Based on the test results shown in Output 42.3.3, the same correct conclusion can be obtained at the 0.05 significance level: the variable $y1$ is not the weak exogeneity of variables $y2$, $y3$, and $y4$; the variable $y2$ is not the weak exogeneity of variables $y1$, $y3$, and $y4$; the variable $y3$ is not the weak exogeneity of variables $y1$, $y2$, and $y4$; the variable $y4$ is the weak exogeneity of variables $y1$, $y2$, and $y3$.

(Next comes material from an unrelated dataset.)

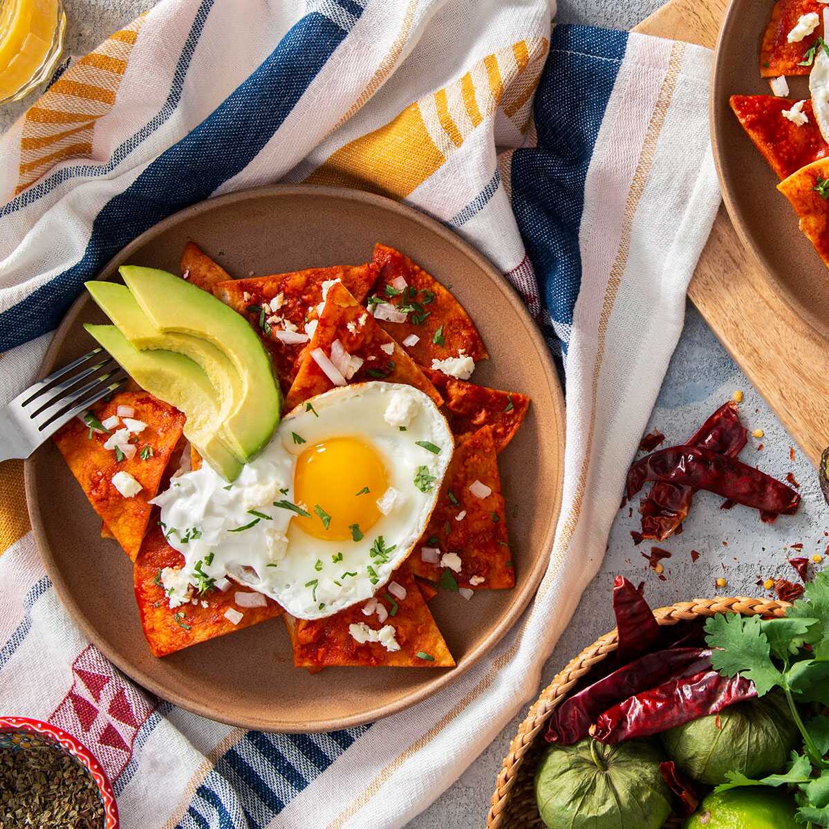 Los Chilaquiles, crema, cebolla, cilantro con un huevo, frijol
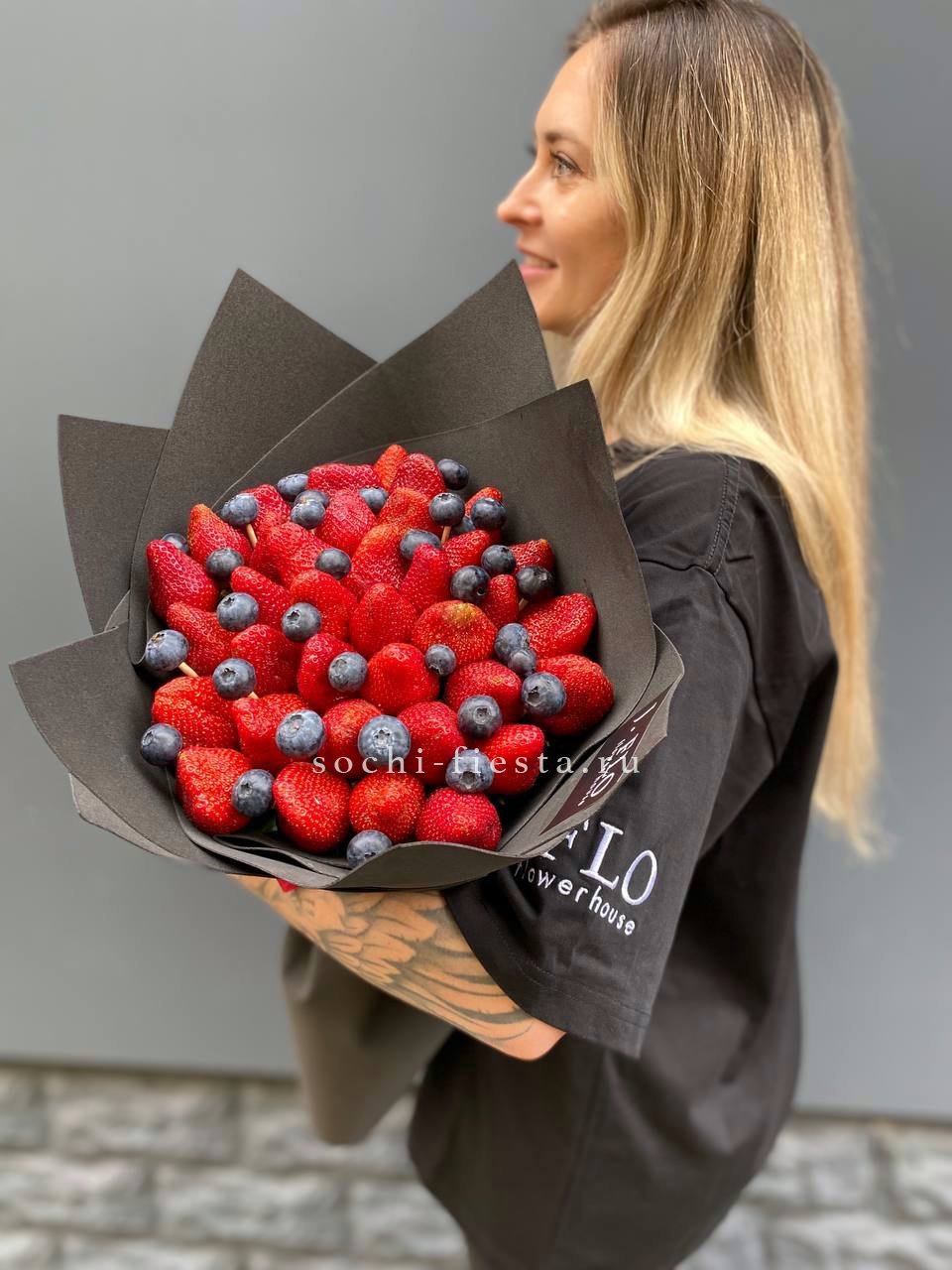 1000 г. ароматной клубники, 200 г. голубики, лента, оформление.

Output 42.3.3: Test Weak Exogeneity with the TEST Statement, Wald Tests

Analysis of Restricted Cointegrated Systems

The VARMAX Procedure

Testing of the Parameters
Test DF Chi-Square Pr > ChiSq
1 2 113.27 <.0001
2 2 129.15 <.0001
3 2 245.21 <.0001
4 2 4.81 0.0903



Identification

This example shows how important it is to identify $\balpha $ and $\bbeta $ when applying the Wald test on $\balpha $. First, in the following statements, there are no constraints on $\bbeta $:

proc varmax data=simul5;
   model y1 y2 y3 y4 = x / noint p=2;
   cointeg rank=2;
   test alpha(1,2) = alpha(2,2) + alpha(3,2);
run;

As shown in Output 42.3.4, based on the test results, the null hypothesis H0: $\balpha [1,2] = \balpha [2,2] + \balpha [3,2]$ should be rejected at the 0.05 significance level, although the true parameter values for the data generating process indicate that H0 is correct.

Output 42.3.4: Importance of Identifying $\balpha $ and $\bbeta $ in the Wald Test

Analysis of Restricted Cointegrated Systems

The VARMAX Procedure

Testing of the Parameters
Test DF Chi-Square Pr > ChiSq
1 1 21.44 <.0001



In the following statements, $r^2$ constraints are now imposed on $\bbeta $, where r is the cointegration rank:

proc varmax data=simul5;
   model y1 y2 y3 y4 = x / noint p=2;
   cointeg rank=2;
   restrict beta(3:4,1:2) = -I(2);
   test alpha(1,2) = alpha(2,2) + alpha(3,2);
run;

As shown in Output 42.3.5, the null hypothesis cannot be rejected at 0.05 significance level; that is to say, the correct conclusion is achieved.

Output 42.3.5: Importance of Identifying $\balpha $ and $\bbeta $ in the Wald Test, Continued

Analysis of Restricted Cointegrated Systems

The VARMAX Procedure

Testing of the Parameters
Test DF Chi-Square Pr > ChiSq
1 1 0.25 0.6157



Besides $\balpha $, other short-run parameters in a VECM can also be tested by using the TEST statement. Because short-run parameters other than $\balpha $ are identified in a VECM, it is not necessary to impose additional constraints on $\balpha $ and $\bbeta $. The following statements test the null hypothesis H0: $\Phi _1^*=0$:

proc varmax data=simul5;
   model y1 y2 y3 y4 = x / noint p=2;
   cointeg rank=2;
   test ar(2);
run;

According to the results shown in Output 42.3.6, the null hypothesis should be rejected at the 0.05 significance level.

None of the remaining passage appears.